YYYY-MM-DDTHH:MM:SS.SSSZ WARN client.protocol.ResponseProcessCookies collector-process-msg-exec-247 processCookies:130 Invalid cookie header: "Set-Cookie: avi-sessionid=None_ Path=/_ Expires=Wed, DD MMM YYYY 00:59:58 GMT_ Max-Age=86400_ HttpOnly_ Secure_ SameSite=None". Invalid 'expires' attribute: Wed, DD MMM YYYY 00:59:58 GMT
YYYY-MM-DDTHH:MM:SS.SSSZ WARN client.protocol.ResponseProcessCookies collector-process-msg-exec-247 processCookies:130 Invalid cookie header: "Set-Cookie: sessionid=None_ Path=/_ Expires=Wed, DD MMM YYYY 00:59:58 GMT_ Max-Age=86400_ HttpOnly_ Secure_ SameSite=None". Invalid 'expires' attribute: Wed, DD MMM YYYY 00:59:58 GMT
YYYY-MM-DDTHH:MM:SS.SSSZ WARN client.protocol.ResponseProcessCookies collector-process-msg-exec-247 processCookies:130 Invalid cookie header: "Set-Cookie: accesstoken=None_ Path=/_ Expires=Wed, DD MMM YYYY 00:59:58 GMT_ Max-Age=86400_ HttpOnly_ Secure_ SameSite=None". Invalid 'expires' attribute: Wed, DD MMM YYYY 00:59:58 GMT
YYYY-MM-DDTHH:MM:SS.SSSZ WARN client.protocol.ResponseProcessCookies collector-process-msg-exec-247 processCookies:130 Invalid cookie header: "Set-Cookie: refreshtoken=None_ Path=/_ Expires=Wed, DD MMM YYYY 00:59:58 GMT_ Max-Age=86400_ HttpOnly_ Secure_ SameSite=None". Invalid 'expires' attribute: Wed, DD MMM YYYY 00:59:58 GMT
YYYY-MM-DDTHH:MM:SS.SSSZ INFO vmware.nsxalb.NSXALBHttpConnectionWrapper collector-process-msg-exec-247 shouldRefreshToken:105 ShouldRefreshToken: /login
YYYY-MM-DDTHH:MM:SS.SSSZ INFO vmware.nsxalb.NSXALBHttpConnectionWrapper collector-process-msg-exec-247 shouldRefreshToken:107 Session create/destroy request. should not refresh tokens. path /login
YYYY-MM-DDTHH:MM:SS.SSSZ ERROR dataprovider.utils.HttpUtils collector-process-msg-exec-247 checkCodeAndThrow:53 Could not get response for /login, status 401
YYYY-MM-DDTHH:MM:SS.SSSZ ERROR dataprovider.utils.HttpUtils collector-process-msg-exec-247 checkStatusAndThrow:41 API /login error response
{"error":"Invalid credentials"}
YYYY-MM-DDTHH:MM:SS.SSSZ WARN common.utils.CommonUtils collector-process-msg-exec-247 logException:2555 Unable to create login request
com.vnera.dataproviders.core.common.impl.dataprovider.utils.exceptions.HttpException: Could not get response for /login, status 401
at com.vnera.dataproviders.core.common.impl.dataprovider.utils.HttpUtils.checkCodeAndThrow(HttpUtils.java:54) _[dataproviders-0.001-SNAPSHOT.jar:_]

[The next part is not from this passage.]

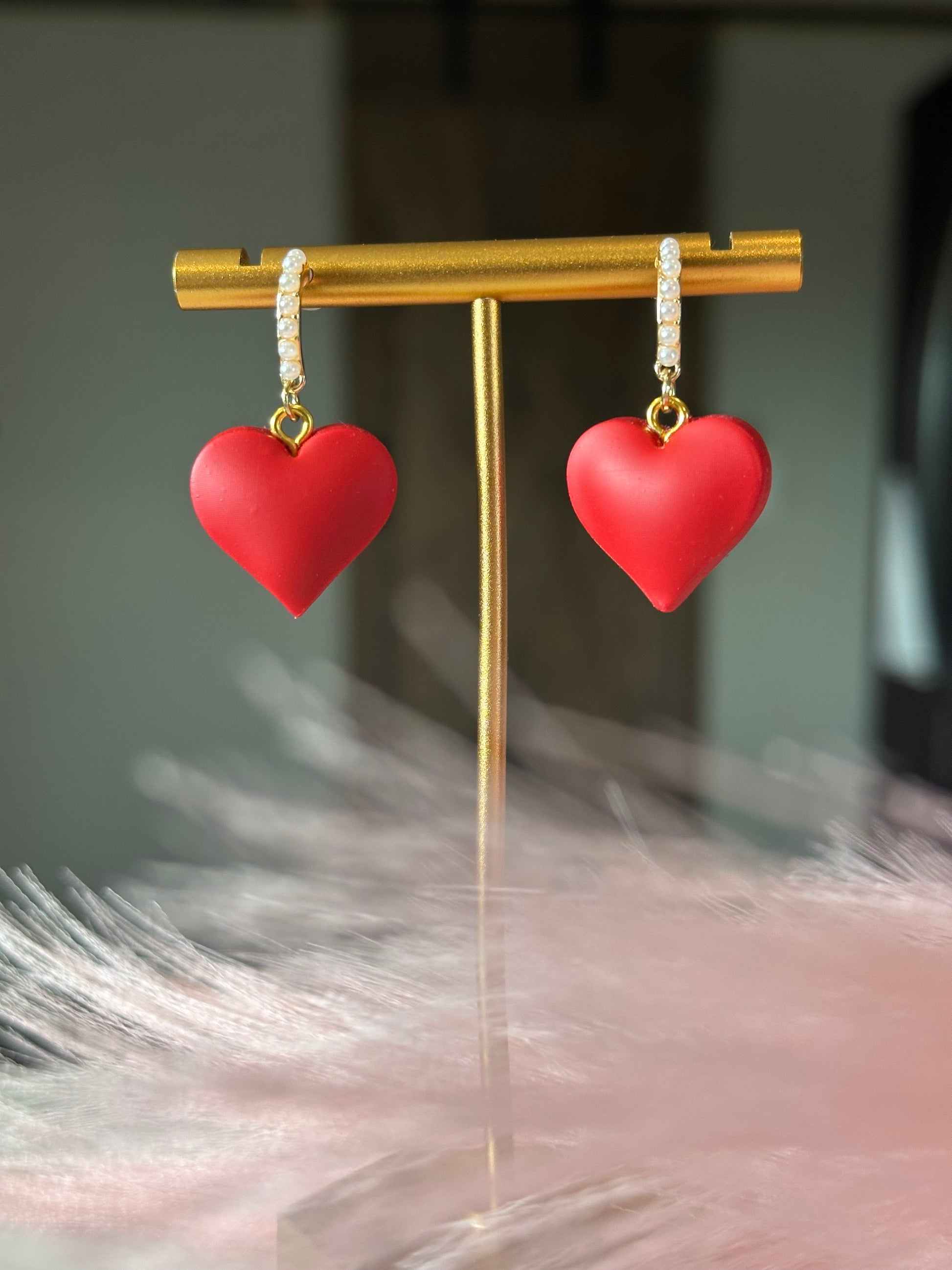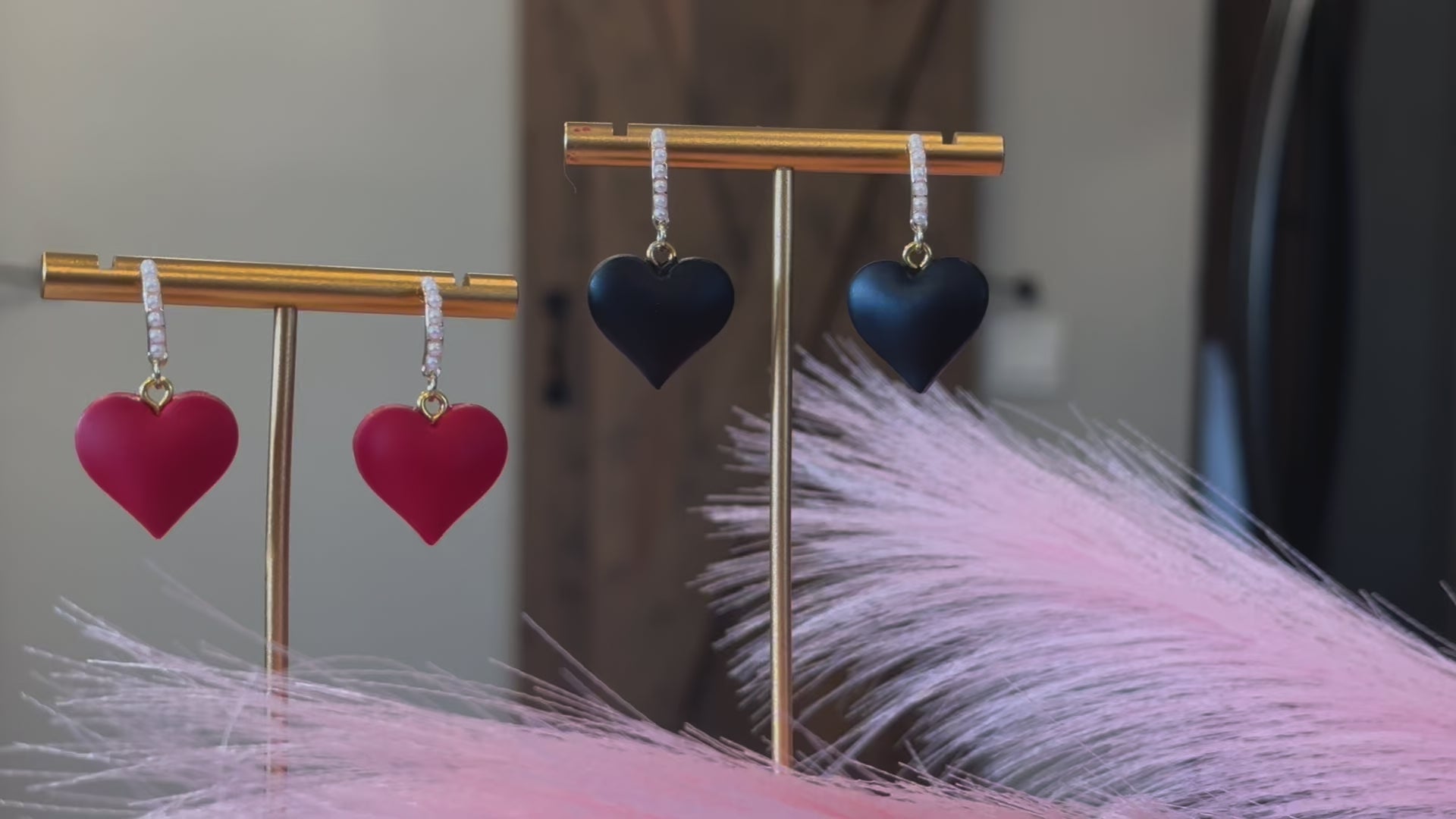 Expertly designed for everyday wear, these Small Puffy Heart Dangles are the perfect addition to any outfit. Available in red or black, these elegant clay earrings feature a delicate pearl stud attachment, making them the ideal Valentine's Day gift. With their dainty and classy design, these earrings are sure to elevate any look.
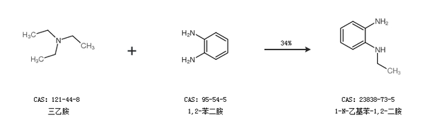 2.通过三乙胺和1,2-苯二胺合成1-N-乙基苯-1,2-二胺,收率约34%;

at com.vnera.dataproviders.core.common.impl.dataprovider.utils.HttpUtils.checkStatusAndThrow(HttpUtils.java:34) _[dataproviders-0.001-SNAPSHOT.jar:_]
VMware Aria Operations for Networks
VMware AVI Load Balancer
Please verify Basic Authentication is enabled in AVI Load Balancer. By default, this option is disabled.
To configure the Basic Authentication:
Go to AVI Load Balancer UI > Administration > System Settings > Access, change Basic Authentication to Allowed.